▶ [EXERCISE]: Reproduce, unchanged, the lines between the one holding "High-density technology and" and the last line of the records, including both ends, but no pictures.
• • •
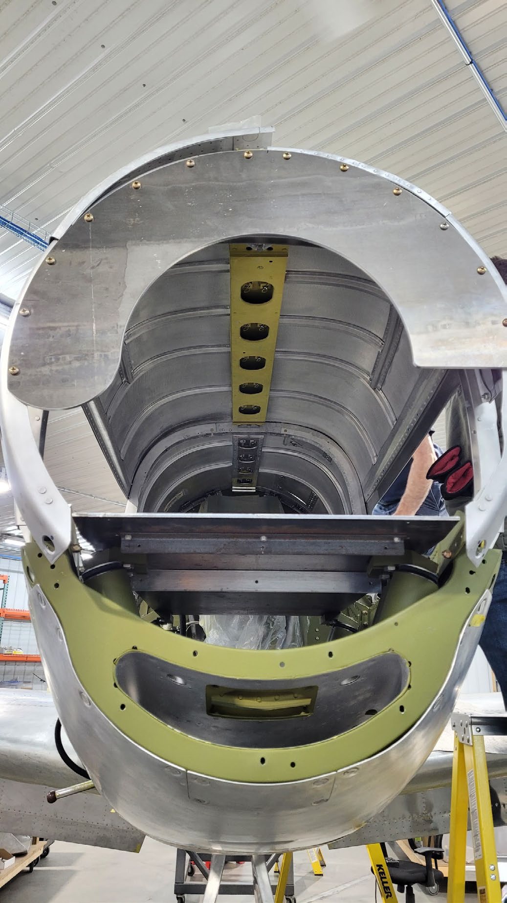 Fitting work is progressing in this view of the inside upper cowling. (image via AirCorps Aviation)
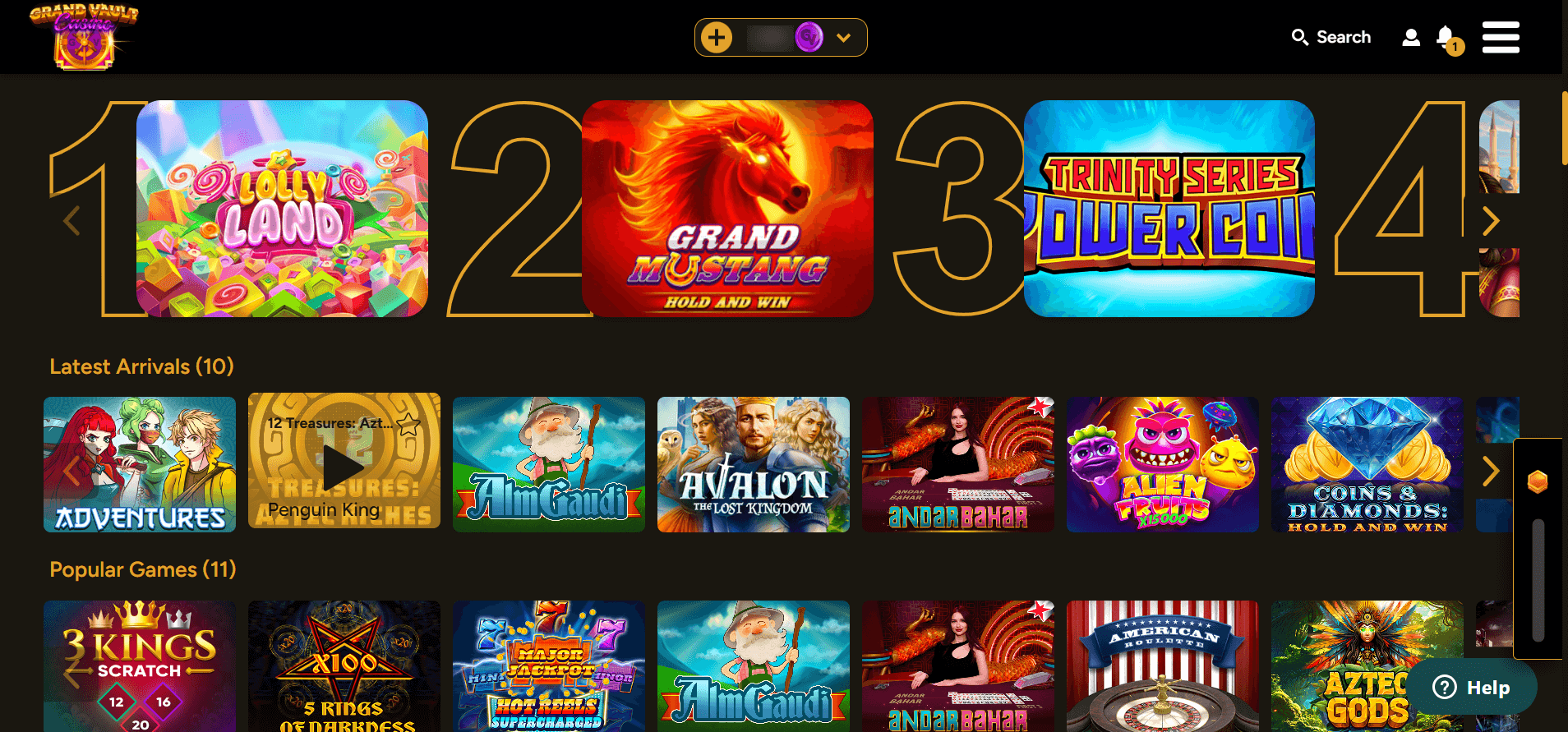 Grand Vault Casinoâs bonus structure is bold for a new sweeps platform, but it doesnât fully match big names yet. I started with a 2.5 GrandVault Coin (SC equivalent) no-deposit bonus and 50,000 Gold Coins immediately in my account. Daily login bonuses are live, scaling up into the VIP range, and a âFoundersâ Boosterâ for the first 5,000 users promises a 50% SC bonus on first GC purchases. All bonus coins and promos must be played at least once before redemption, and most apply âmainly to BGaming slotsâ (but I tested, and youâre not locked out of the full lobby).
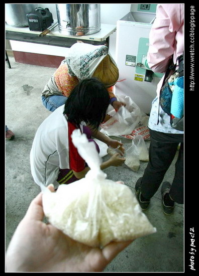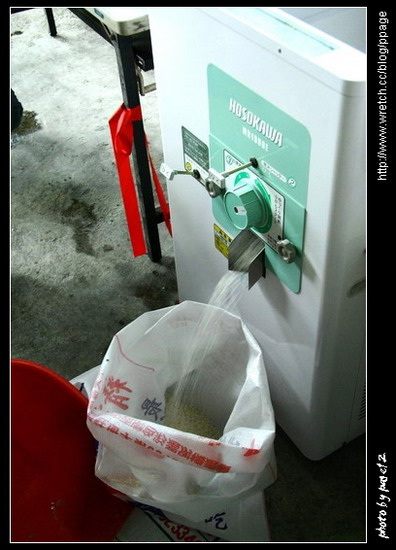 一樓有一台小的碾米機,他們就當場拿了一袋的米碾給我們,哇,超新鮮的啦
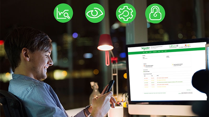 High-density technology and full-front access make Galaxy VS a footprint saver well-suited for confined spaces. Manage and monitor your Galaxy VS from anywhere, any time on any device, thanks to EcoStruxure IT software and services.
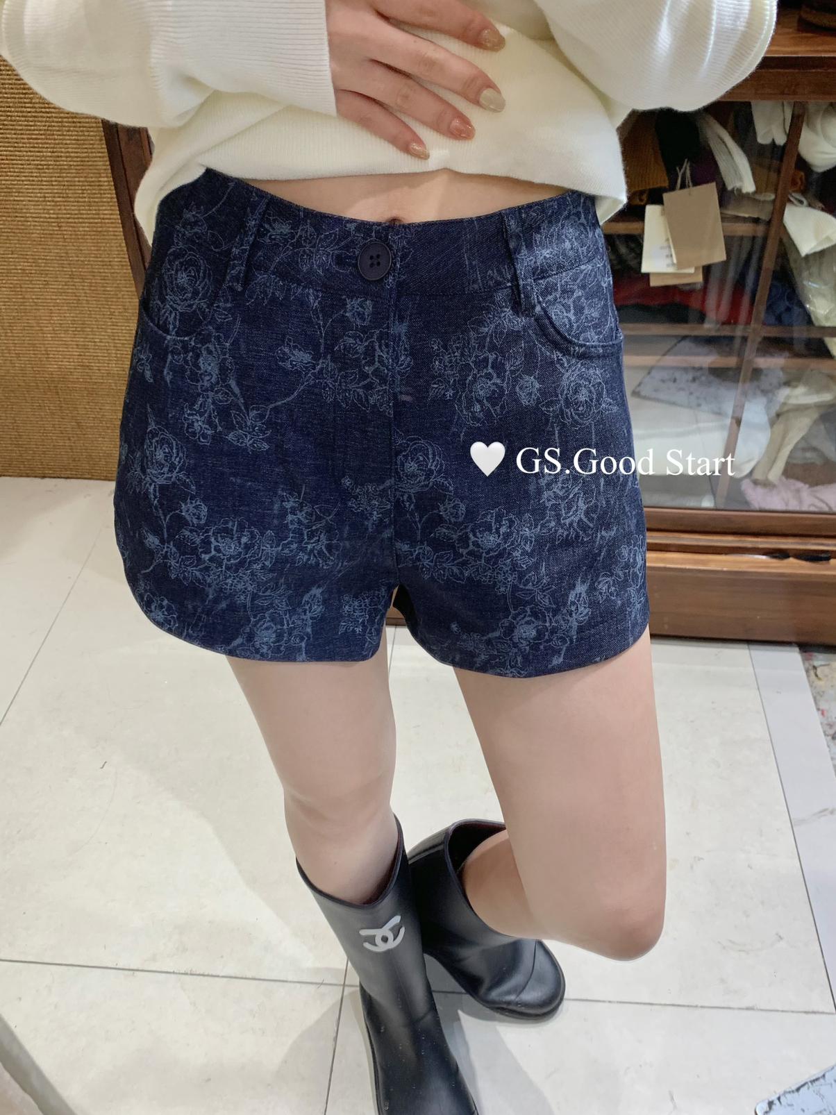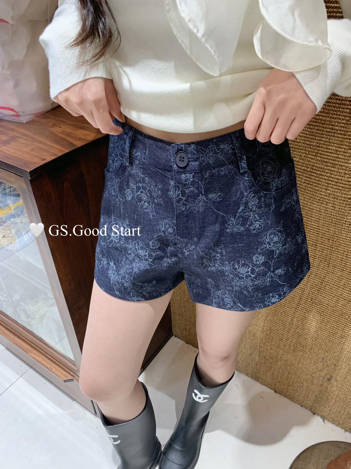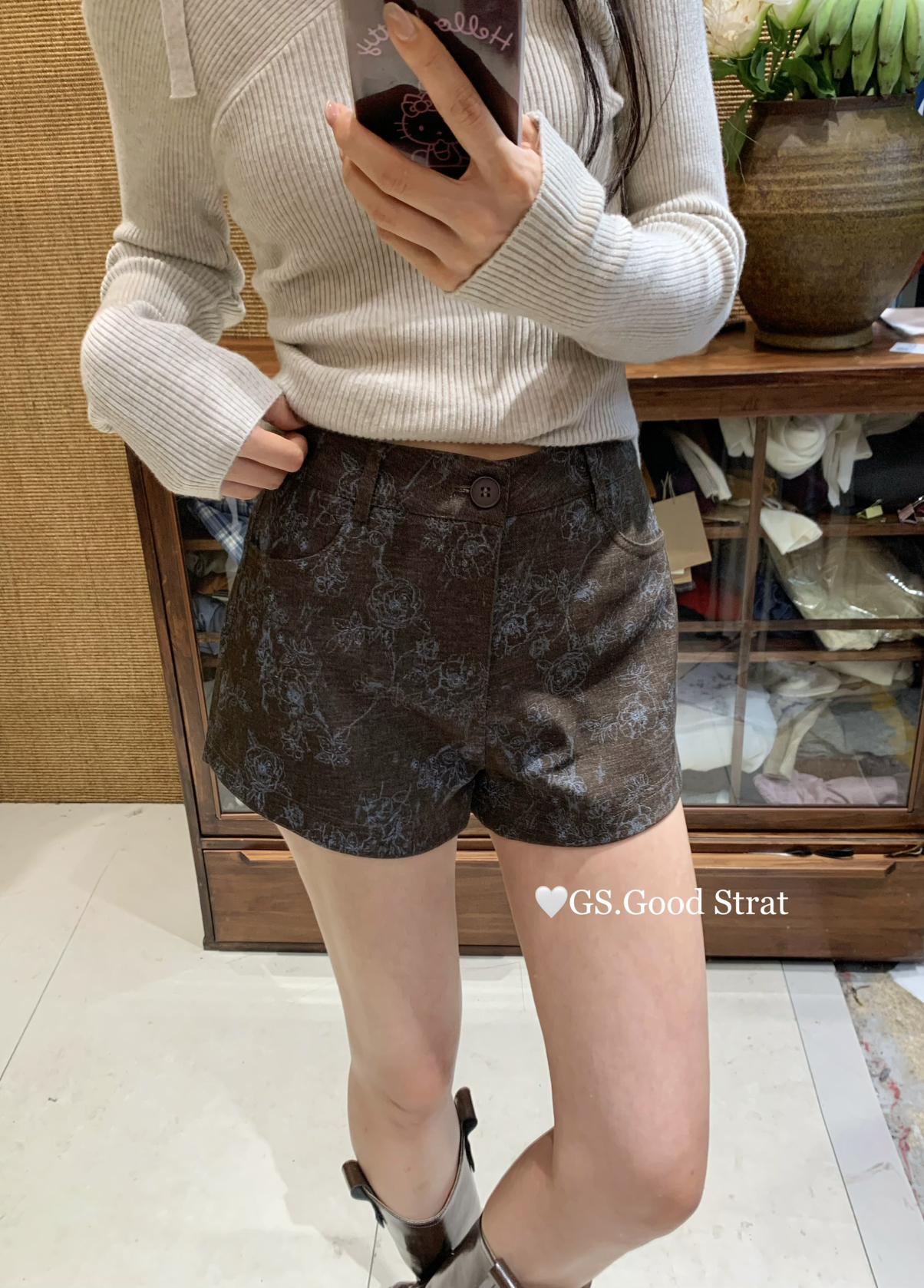 【C7201】千金感單品·很顯貴~秋冬復古氣質提花高腰顯瘦休閒短褲
• • •
▶ [SOLUTION BELOW]:
 High-density technology and full-front access make Galaxy VS a footprint saver well-suited for confined spaces. Manage and monitor your Galaxy VS from anywhere, any time on any device, thanks to EcoStruxure IT software and services.
 【C7201】千金感單品·很顯貴~秋冬復古氣質提花高腰顯瘦休閒短褲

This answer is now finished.